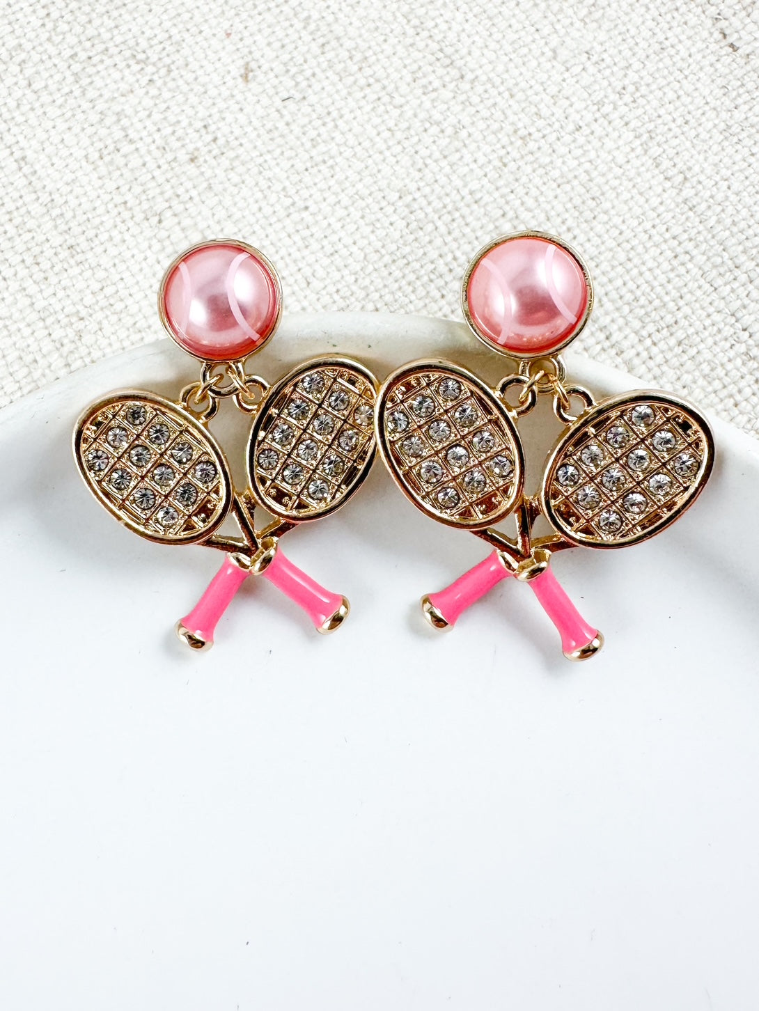 tennis earrings, racket earrings, boutique sports earrings, tennis accessories for women, sparkly tennis earrings, white and yellow earrings, fashion earrings for tennis fans, earrings for tennis players, rhinestone tennis earrings, tennis gift for her, playful statement earrings, trendy sports earrings, boutique tennis jewelry, tennis team gift, tennis match accessories, earrings under $30, cute tennis earrings, fun racket earrings, tennis drop earrings, lightweight sport earrings, glam game day jewelry, summer sports earrings, fashion earrings for athletes, tennis themed earrings, pearl top earrings, statement earrings with sparkle, white handle racket earrings, girly tennis earrings, country club style jewelry
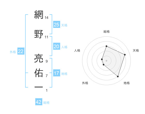 網野 亮佑一さんの地格は17画の4点!
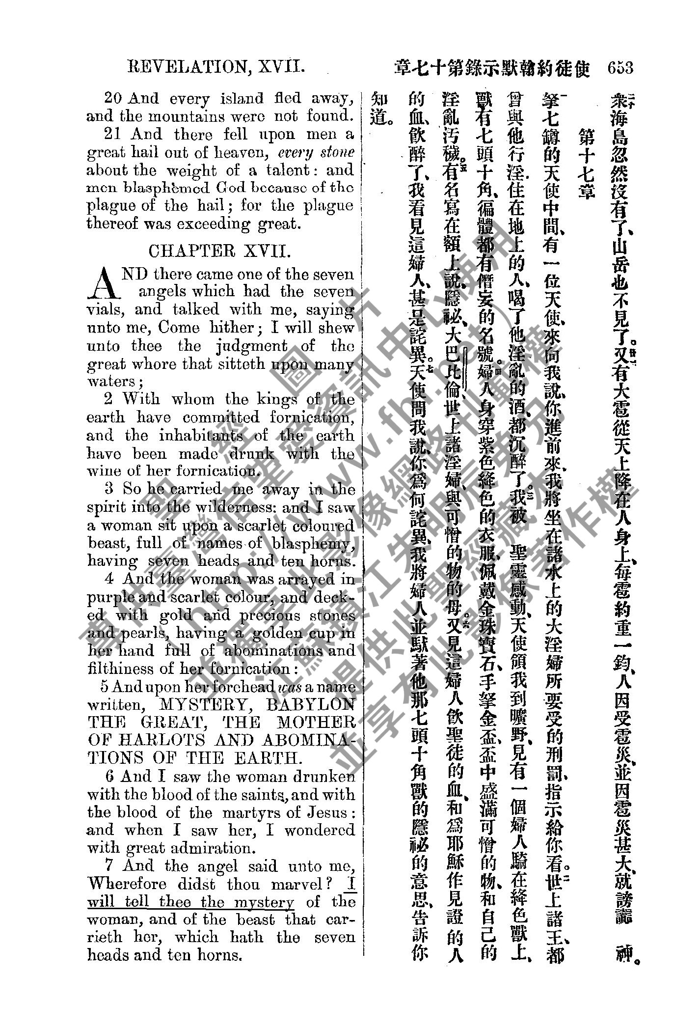 1885年新約全書 啟示錄 16 章 20 節到 17 章 7 節

▶ Exercise: The expected output is every line of the data, unchanged, with the pictures skipped.

▶ Answer box:
 tennis earrings, racket earrings, boutique sports earrings, tennis accessories for women, sparkly tennis earrings, white and yellow earrings, fashion earrings for tennis fans, earrings for tennis players, rhinestone tennis earrings, tennis gift for her, playful statement earrings, trendy sports earrings, boutique tennis jewelry, tennis team gift, tennis match accessories, earrings under $30, cute tennis earrings, fun racket earrings, tennis drop earrings, lightweight sport earrings, glam game day jewelry, summer sports earrings, fashion earrings for athletes, tennis themed earrings, pearl top earrings, statement earrings with sparkle, white handle racket earrings, girly tennis earrings, country club style jewelry
 網野 亮佑一さんの地格は17画の4点!
 1885年新約全書 啟示錄 16 章 20 節到 17 章 7 節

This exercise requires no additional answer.